A writer’s inability to produce new work can occur in many forms. Charlie Jane Anders annotates ten variations of writer’s block at iO9:
http://io9.com/5844988/the-10-types-of-writers-block-and-how-to-overcome-them/all
I am just
now emerging from my own variant of writer’s block: converting my backlist of
traditionally published novels to ebooks.
I began
this reformatting process in April 2011, thinking I’d take a few weeks to scan
my print books and upload them to Amazon as digital files before returning to
my works-in-progress. Three years later, I have seventeen titles available as
ebooks – and zero pages of new fiction!
What I
hadn’t anticipated was the compelling and time-consuming nature of revision. As
I don’t read my fiction after publication, I confronted novels I hadn’t seen in
years and sometimes decades. My craft had evolved in the interim, which transformed
me from writer to editor.
Typical
changes involved making ‘passive voice’ sentences more active. Here’s an
example:
His feet and legs were numb with fatigue and his heart was
slamming in his throat.

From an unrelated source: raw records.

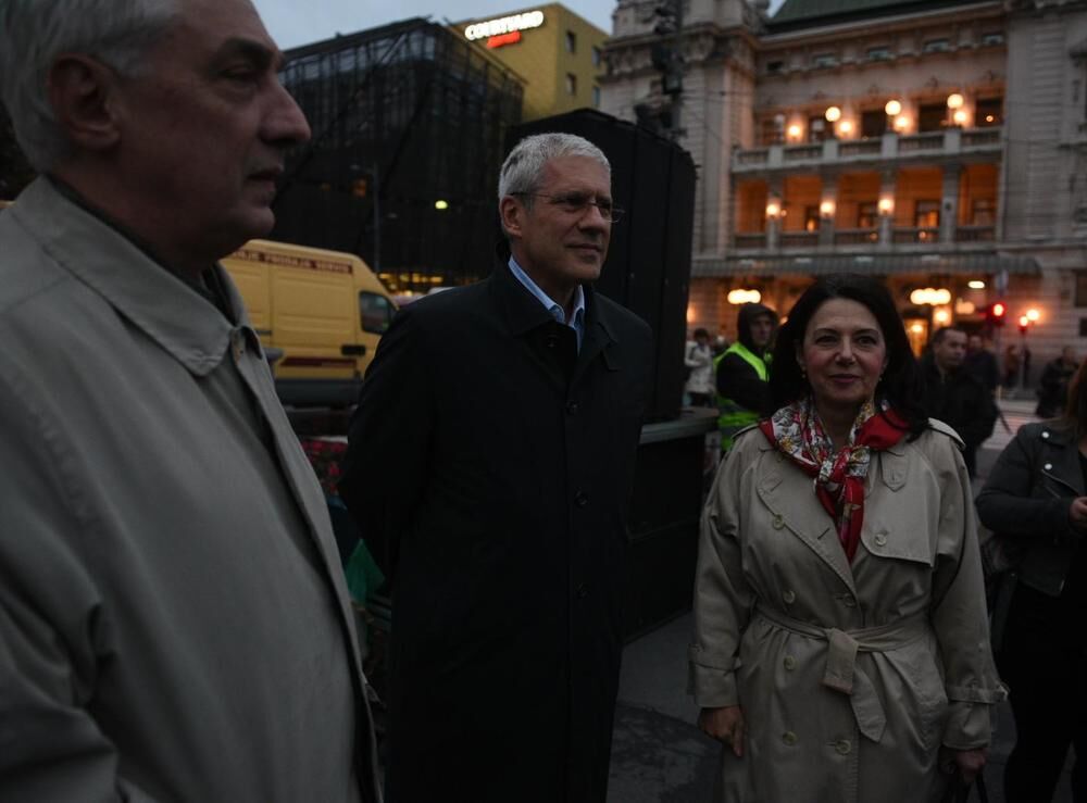 Među prvima su se pojavili Vuk Jeremić, predsednik Socijaldemokratske stranke Boris Tadić i narodna poslanica Sanda Rašković Ivić, kao i član PSG Božo Prelević. Skupu je prisustvovao i legendarni košarkaški trener Dušan Ivković, kao i lider opozicione Levice Srbije Borko Stefanović, odnosno politički analitičar Đorđe Vukadinović.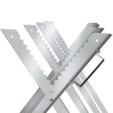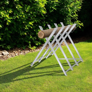 Alla skogshuggare behöver en bra sågbock! Vill du själv kapa din brasved och gärna med en motorsåg? Då är vår sågbock i stål ett idealt val för smart och säkert arbete för och såga ved. Vår sågbock är vidareutvecklad för att bättre passa dina behov. De fyra stockhållarna är tandade för att ge ett stabilt grepp och hålla stocken på plats under sågningen. Dessutom kan bocken justeras för att passa olika stocktjocklekar.Med några enkla handgrepp kan vår sågbock fällas ihop, vilket gör den både lätt att transportera och kompakt att förvara. Köp din nya sågbock från tecktake – det perfekta verktyget för effektiv sågning.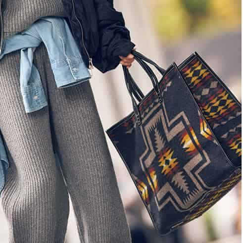 ブランドトートバッグの王道。シンプルなカジュアルコーデに品格と奥行きを出してくれる存在感も、旅行にはぴったり。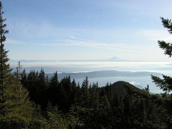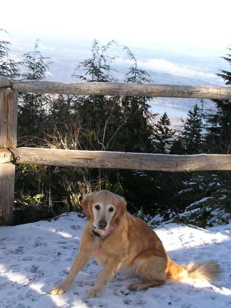 What a treat. Three straight days of hiking. Cousin Clover joined this morning's hike. Sadie is staying in Sequim this week, so the driver decided there must be a hike in the National Forest where Sadie and Clover could go. Sure enough. Five miles south of Quilcene, Mt. Walker awaits - accessible right on Highway 101. Since it was a little brisk this morning (nothing like at Stevens Pass yesterday - it was 20 degrees warmer this morning at the trailhead - a toasty 29 degrees). Since we were in no particular hurry, because the hike is only about 4 miles roundtrip from the trailhead, we got to the gate about 10:00 a.m. Two cars pulled in right behind us!!! The road is gated, but there's enough room for about 8 cars to park off of Hwy. 101. A couple with a dog started out ahead of us - it's about a 1/2 mile from the gate to the trail head. The other couple were still getting ready when we headed out. There will need to be some clean-up needed before cars will get back up this road. The road to the top of Mt. Walker is 4 miles long. From the trailhead, it's 2 miles - but however you do it, it's still a 2000' gain! Almost a Mailbox or Tenerife trip! Sadie, Clover and the driver left Kate and her owners at the trail register and we were off and heading up, up, up. It wasn't long, maybe a little more than a 1/2 mile, before the driver had to stop and take of the vest, the coat AND the hat! The layers that worked yesterday up to Lichtenwasser, were way too much for today! Plus, this would be a no nonsense hike today. The nice thing is - I didn't have to schlep snowshoes, because today was a total brown hike! The trail winds through a lovely wooded area with lots of wild rhododendrons along the way - bet it's pretty in the Spring. The trail switchbacks up the south side of Mt. Walker and ends up two miles later at the top of Mt. Walker at the northern viewpoint - somewhere you can drive when the gate is open - but this was so much more enjoyable. Views of the Olympics (Mts. Jupiter and Constance along with Baker) were stunning. You can walk from the northern viewpoint to the southern viewpoint - it's only a 1/2 mile and gives you a different perspective. There was a light dusting of snow on the top, but nothing significant. We took in the views from this exposure - lovely. As we made our way back to the north viewpoint again, we ran into trail pup Kate and her humans; and then the other couple was enjoying their lunch at the northern viewpoint. I quickly warned them that the thief (aka Sadie) was making a surveillance run, so they'd better be careful! She is known to grab a pb&j sandwich before you can say STOP! Anyway, they were kind enough to take our picture (Clover was being shy). Off we headed back down the trail. Ran into a solo hiker on his way up about 2/3's of the way down; and then on the closed road we saw another couple coming up. Stats: 3 hours car to car; 2000' gain in 2 miles (whew!) total distance: 6 miles. A great little hike. Sadie is resting comfortably in Sequim.

He fixed his eyes on the dark shadows at the head of
the stairs and ignored the pain that stabbed him more sharply with each step.
Legs numb with fatigue,
heart slamming in his throat, he fixed his eyes on the dark shadows at the head
of the stairs and ignored the pain that stabbed him more sharply with each step.
These minor revisions cumulatively enliven the reading experience, and my narratives now flare with brighter energy.
Even though installing these alterations in a score of novels opened a time vortex that spun me across years, I’m pleased. I sense that my motherland of dreams welcomes you now into her renewed geography with freedoms more encompassing - and a joy less passive!